MATERIAL SUPPLIED
──────────────────────────────
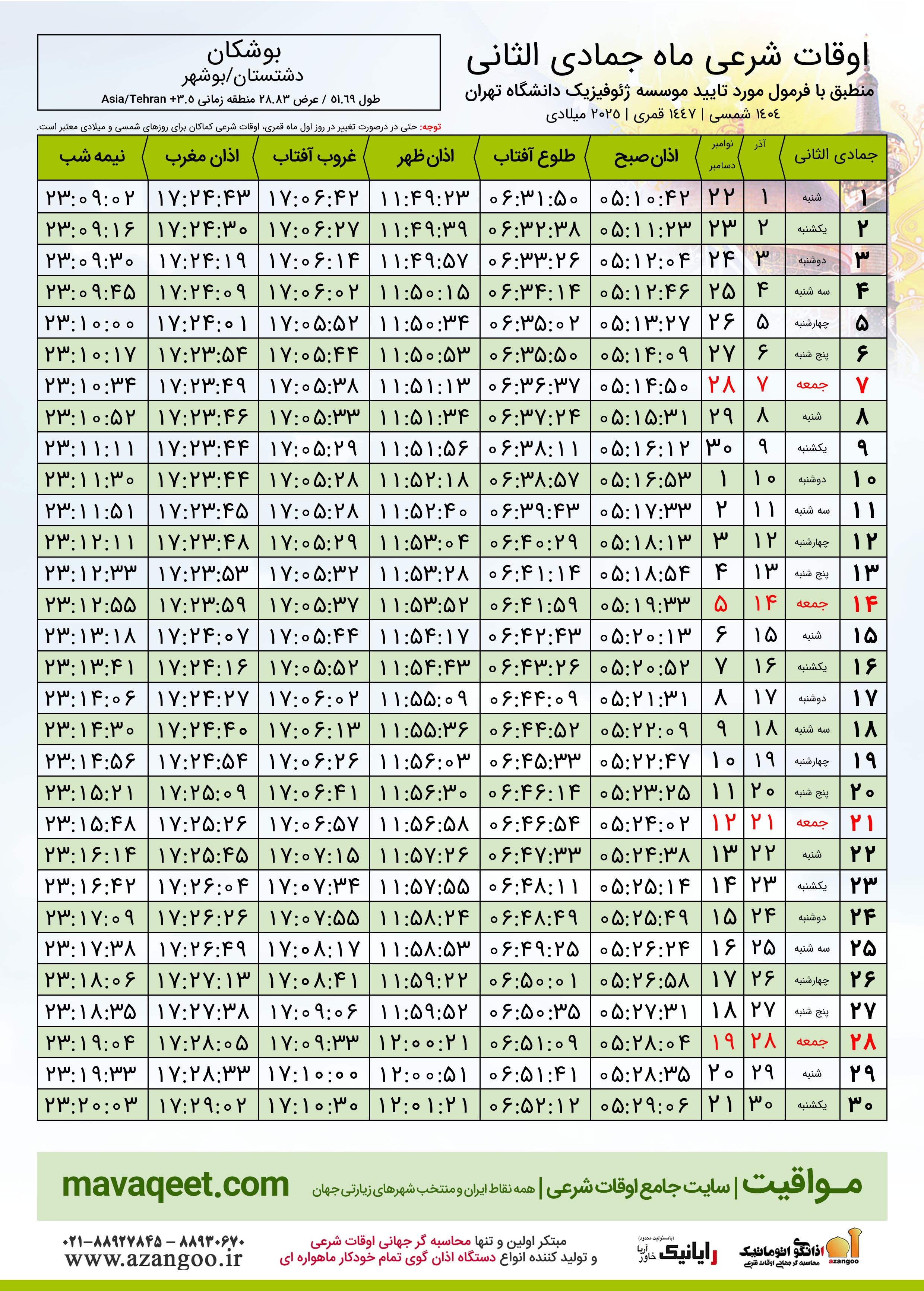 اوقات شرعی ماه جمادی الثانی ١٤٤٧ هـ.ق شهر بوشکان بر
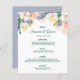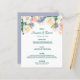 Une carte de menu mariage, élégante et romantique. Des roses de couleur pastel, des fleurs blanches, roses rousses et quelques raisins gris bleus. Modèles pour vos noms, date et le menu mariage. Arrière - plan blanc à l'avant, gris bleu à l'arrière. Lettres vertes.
──────────────────────────────
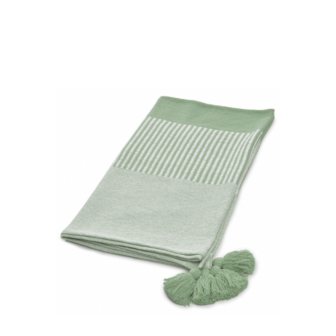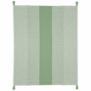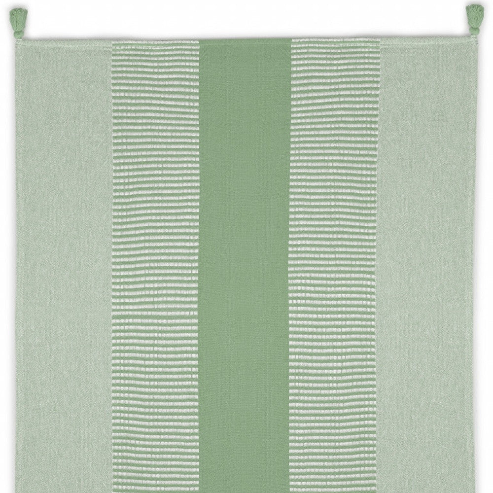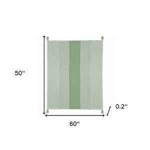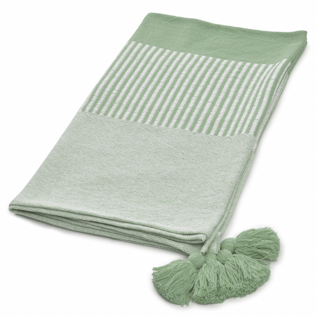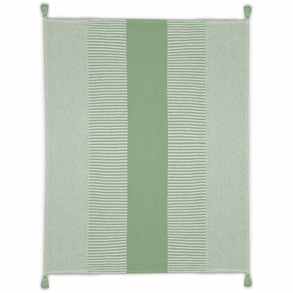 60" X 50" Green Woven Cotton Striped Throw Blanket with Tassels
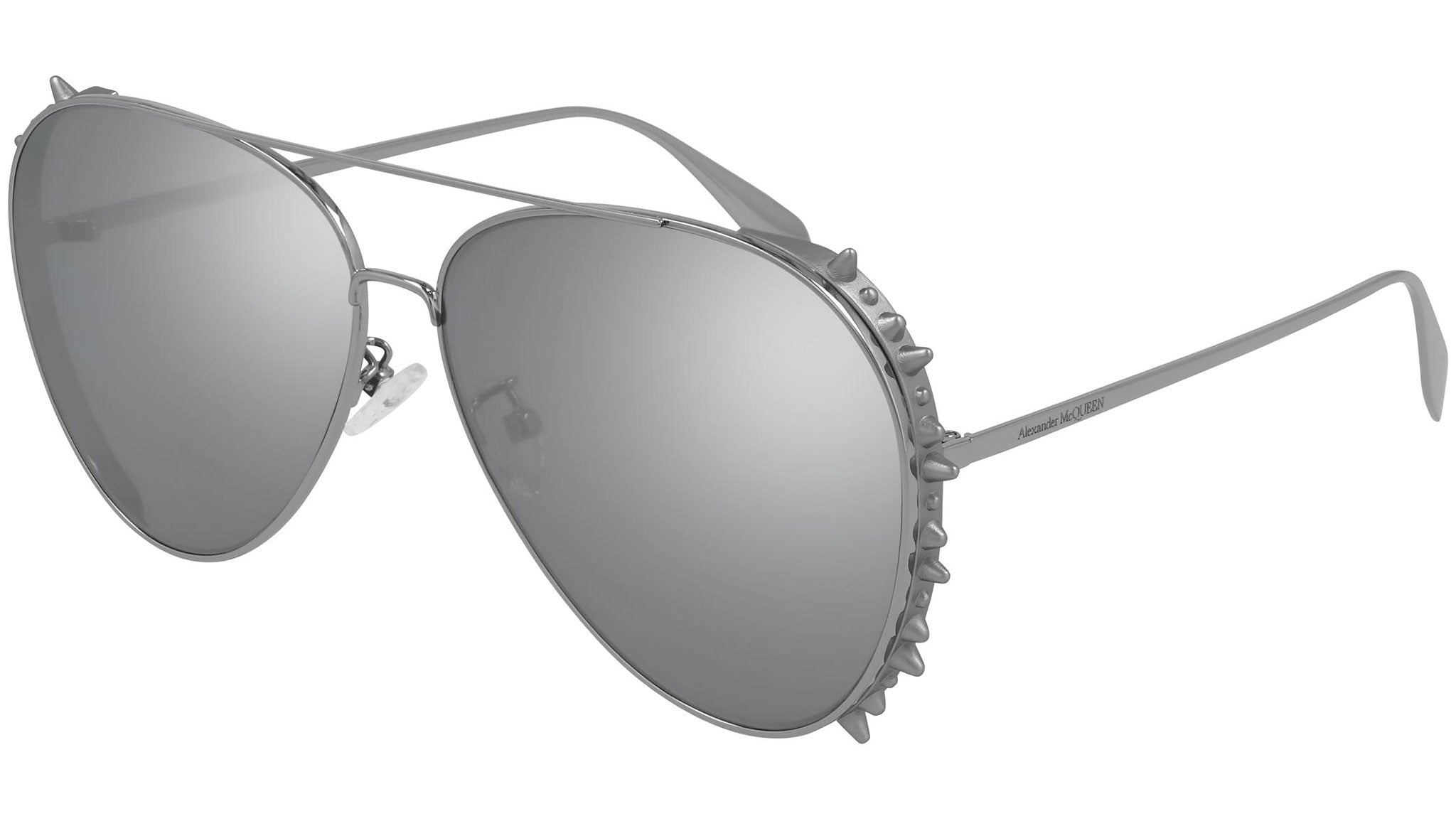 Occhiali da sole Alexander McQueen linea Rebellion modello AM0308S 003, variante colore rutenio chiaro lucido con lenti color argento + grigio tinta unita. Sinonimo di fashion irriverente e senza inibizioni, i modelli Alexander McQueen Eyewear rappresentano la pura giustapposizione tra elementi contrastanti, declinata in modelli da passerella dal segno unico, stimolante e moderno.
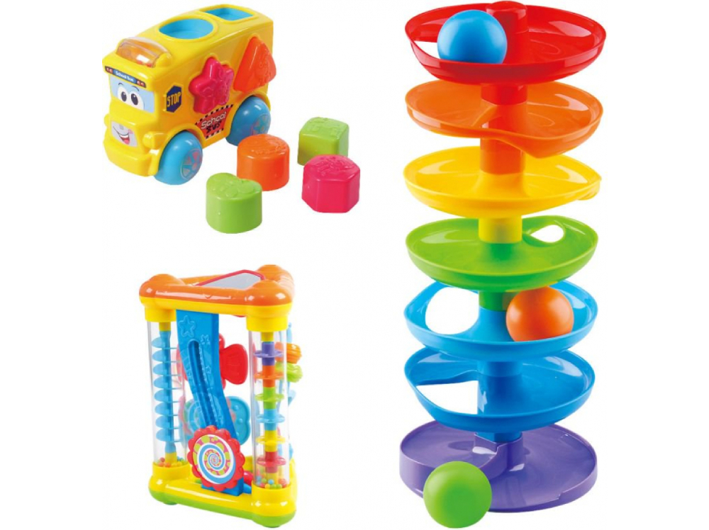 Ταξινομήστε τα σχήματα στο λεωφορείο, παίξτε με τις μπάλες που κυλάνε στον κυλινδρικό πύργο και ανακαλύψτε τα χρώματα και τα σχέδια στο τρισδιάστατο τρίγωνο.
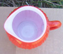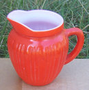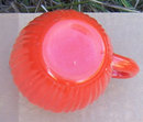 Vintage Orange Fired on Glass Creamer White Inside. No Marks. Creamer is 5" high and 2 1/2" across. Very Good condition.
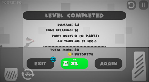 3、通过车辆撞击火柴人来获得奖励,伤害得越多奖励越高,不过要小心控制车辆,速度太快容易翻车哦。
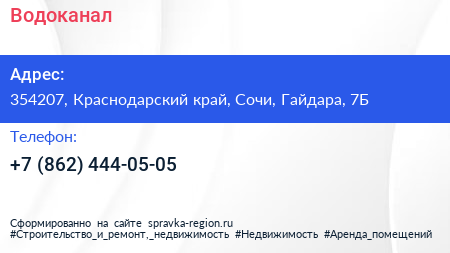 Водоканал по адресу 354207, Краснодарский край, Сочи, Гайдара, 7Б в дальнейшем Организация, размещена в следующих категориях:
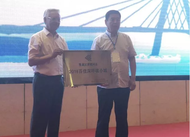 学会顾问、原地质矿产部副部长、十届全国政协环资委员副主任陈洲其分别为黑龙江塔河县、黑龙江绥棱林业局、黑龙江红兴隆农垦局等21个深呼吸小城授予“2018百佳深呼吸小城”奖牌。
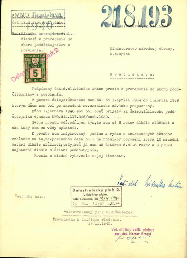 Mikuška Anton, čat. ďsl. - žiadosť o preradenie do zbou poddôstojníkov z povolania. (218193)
──────────────────────────────
WHAT YOU HAVE TO DO
Give back, exactly and without pictures, the stretch of the records above from the line containing "اوقات شرعی ماه" through the line containing "Une carte de", with both end lines included.

SOLUTION
 اوقات شرعی ماه جمادی الثانی ١٤٤٧ هـ.ق شهر بوشکان بر
 Une carte de menu mariage, élégante et romantique. Des roses de couleur pastel, des fleurs blanches, roses rousses et quelques raisins gris bleus. Modèles pour vos noms, date et le menu mariage. Arrière - plan blanc à l'avant, gris bleu à l'arrière. Lettres vertes.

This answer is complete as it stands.